The former administrator had filed an age discrimination complaint against the school that used to employ him, and he had confidentially settled that claim. After the settlement, however, the former employee’s daughter swiftly posted on Facebook that her parents had won the case, that the school was “now officially paying for [her] vacation to Europe this summer,” and that the school could “SUCK IT.” The post went to the daughter’s 1200 Facebook friends, including many past and present students of the school where her father had worked. In response to the post, the school declined to pay the former school administrator his settlement money, and the administrator sued in an effort to enforce the settlement.
The court sided with the school. In ruling that the settlement was unenforceable due to the confidentiality breach, the court noted that the confidentiality provision prohibited the former school administrator from “directly or indirectly” disclosing the settlement. The court noted that the administrator admittedly told his daughter about the settlement and the daughter then “did precisely what the confidentiality agreement was designed to prevent, advertising . . . that [the former employee] had been successful in his age discrimination and retaliation case against the school.”

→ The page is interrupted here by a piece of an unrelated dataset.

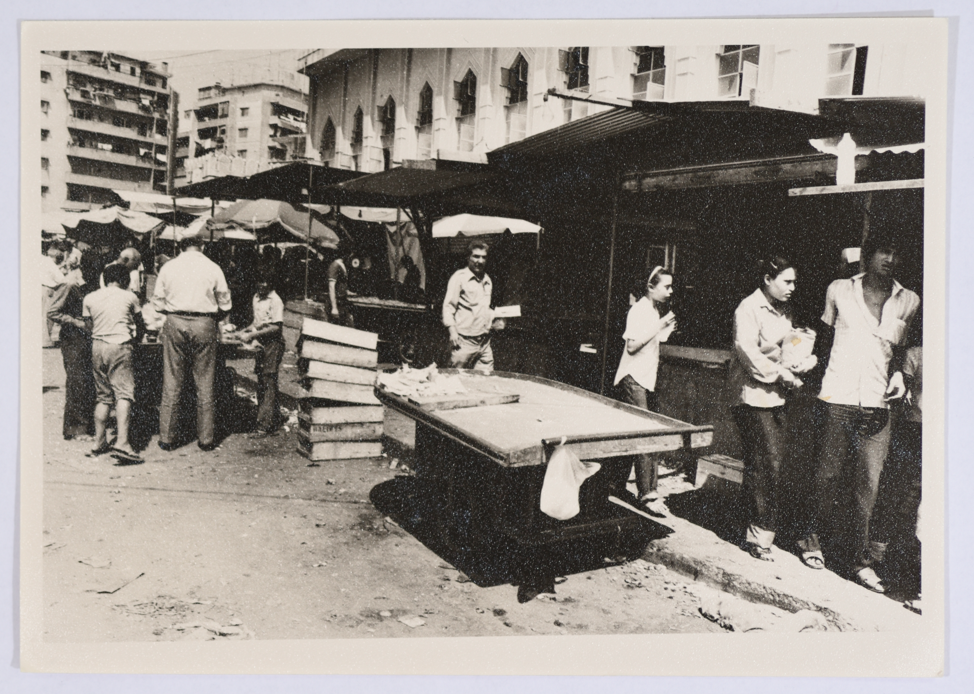 صورة غيرملونة لمجموعة من الأشخاص في الأسواق القريبة من مخيم شاتيلا للاجئين وحي صبرا في لبنان. يظهر في الصورة البسطات المستخدمة لعرض البضاعة يعلوها أسقف من الزينكو.

This case is a reminder that confidentiality clauses matter greatly to employers and that news conveyed electronically travels fast, far, and wide. Confidentiality matters to employers, because reputations matter. In addition, employers are often concerned that publicity may trigger other potential claims or create an expectation of future settlements. Employers can take heart, however, that courts take settlement confidentiality obligations seriously and will enforce them.